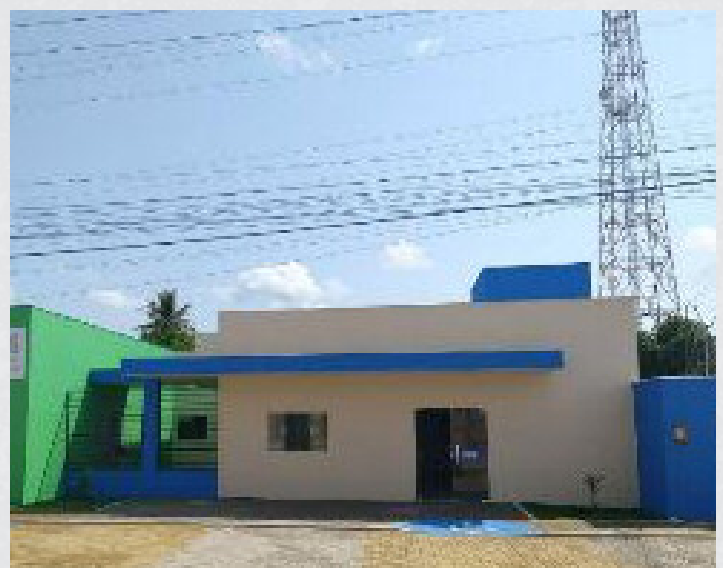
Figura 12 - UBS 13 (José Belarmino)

━━━

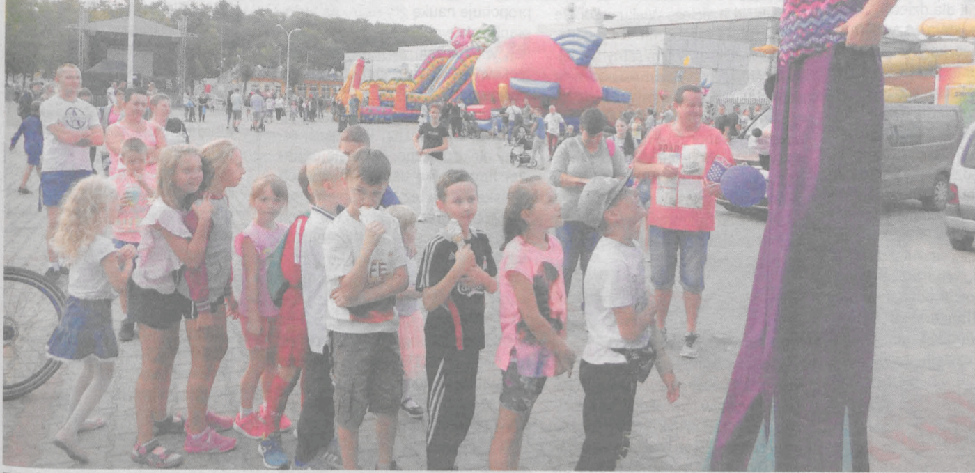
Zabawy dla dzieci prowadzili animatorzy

━━━

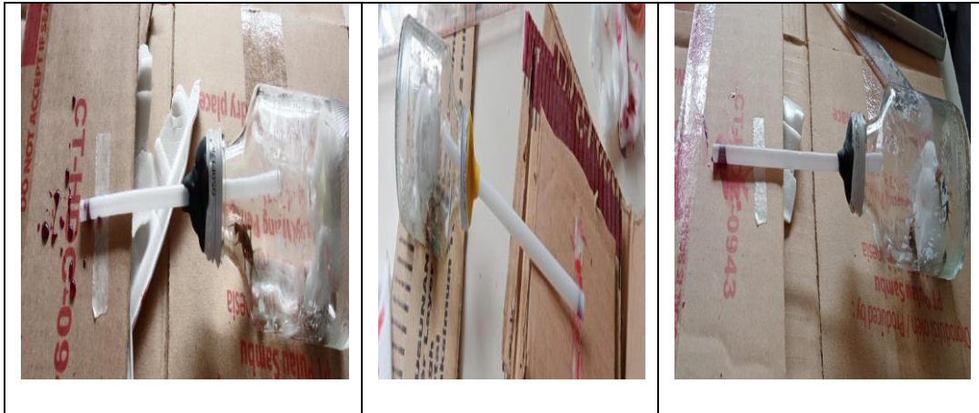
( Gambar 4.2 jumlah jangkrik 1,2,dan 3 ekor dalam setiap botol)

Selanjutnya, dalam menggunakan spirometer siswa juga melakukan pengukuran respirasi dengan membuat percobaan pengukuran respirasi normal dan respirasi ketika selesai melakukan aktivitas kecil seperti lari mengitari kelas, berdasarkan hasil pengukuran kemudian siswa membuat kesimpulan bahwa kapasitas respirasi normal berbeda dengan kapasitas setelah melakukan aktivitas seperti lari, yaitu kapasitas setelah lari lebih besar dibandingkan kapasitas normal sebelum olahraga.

━━━

◆ Work to complete ◆
From the records above, count how many lines hold the string "dalam", then give only that number.

◆ Answer ◆
2